Congenital hepatic fibrosis in the Franches-Montagnes horse is associated with the polycystic kidney and hepatic disease 1 (PKHD1) gene.

Abstract: Congenital hepatic fibrosis has been described as a lethal disease with monogenic autosomal recessive inheritance in the Swiss Franches-Montagnes horse breed. We performed a genome-wide association study with 5 cases and 12 controls and detected an association on chromosome 20. Subsequent homozygosity mapping defined a critical interval of 952 kb harboring 10 annotated genes and loci including the polycystic kidney and hepatic disease 1 (autosomal recessive) gene (PKHD1). PKHD1 represents an excellent functional candidate as variants in this gene were identified in human patients with autosomal recessive polycystic kidney and hepatic disease (ARPKD) as well as several mouse and rat mutants.
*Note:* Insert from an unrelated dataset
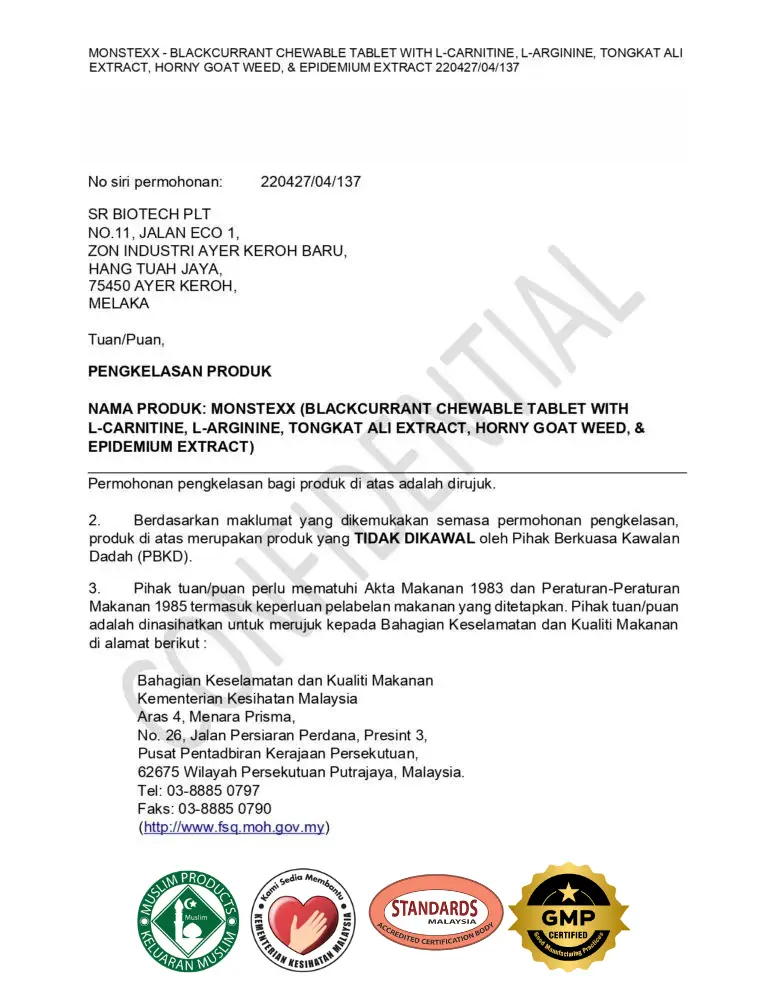 MONSTEXX LULUS KKM, LULUS UJIAN MAKMAL KLINIKAL & DIJAMIN HALAL!

Whereas most pathogenic PKHD1 variants lead to polycystic defects in kidney and liver, a small subset of the human ARPKD patients have only liver symptoms, similar to our horses with congenital hepatic fibrosis. The PKHD1 gene is one of the largest genes in the genome with multiple alternative transcripts that have not yet been fully characterized. We sequenced the genomes of an affected foal and 46 control horses to establish a comprehensive list of variants in the critical interval. We identified two missense variants in the PKHD1 gene which were strongly, but not perfectly associated with congenital hepatic fibrosis. We speculate that reduced penetrance and/or potential epistatic interactions with hypothetical modifier genes may explain the imperfect association of the detected PKHD1 variants. Our data thus indicate that horses with congenital hepatic fibrosis represent an interesting large animal model for the liver-restricted subtype of human ARPKD.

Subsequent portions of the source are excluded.